Wish I could climb like some of the girls in my club!
 The Lemming 04 Feb 2015
In reply to SteveD:

> Wish I could climb some of the girls in my club!

Fixed that for you.













I'll get me coat.

2
In reply to krikoman:

Of course, using "like a girl" as an insult has no place. Having said that, there is no reason to deny that some girls do run, throw and climb in particular and gender characteristic ways.

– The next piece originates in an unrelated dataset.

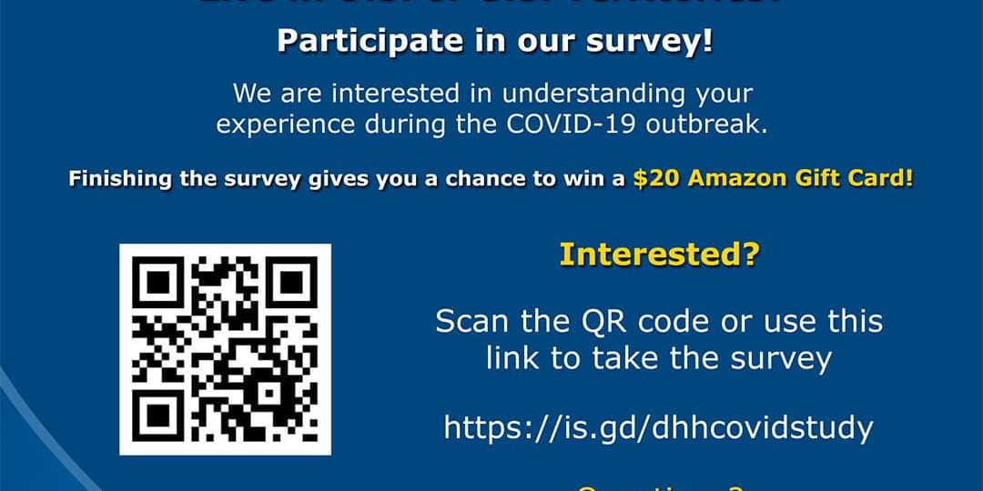 Scan the QR code or use this link to take the survey: https://is.gd/dhhcovid19study

And even if they do not win races, they may get their confidence from other sources.
 The Lemming 04 Feb 2015
In reply to Sir Stefan:

> And even if they do not win races, they may get their confidence from other sources.

Like marrying rich successful men?

3
 Bob Hughes 04 Feb 2015
In reply to The Lemming:

> Like marrying rich successful men?


ooof...

where to start?
 Andy Morley 04 Feb 2015
In reply to krikoman:

It looks to me as if the ideas behind this video could be part of the problem rather than part of the solution.

My view is that if we want to move forward from the legacy left to us by past generations and their outmoded ways of looking at sex and gender, trying to get women to be like men as they used to be seen creates a rod for the backs of a lot of other people. There's nothing wrong with running or throwing awkwardly - people who can't run elegantly might be able to do other things well. And expecting boys or girls to conform to athletic expectations creates pressures on all of them that are just as bad as the ones traditionally placed on girls and boys separately. It's useful that people are talking about these things but the message put over by this video seems a bit muddle-headed to me.
 The Lemming 04 Feb 2015
In reply to Bob Hughes:

> ooof...

> where to start?

It may be tongue firmly in cheek, but for some it still rings true in this modern world.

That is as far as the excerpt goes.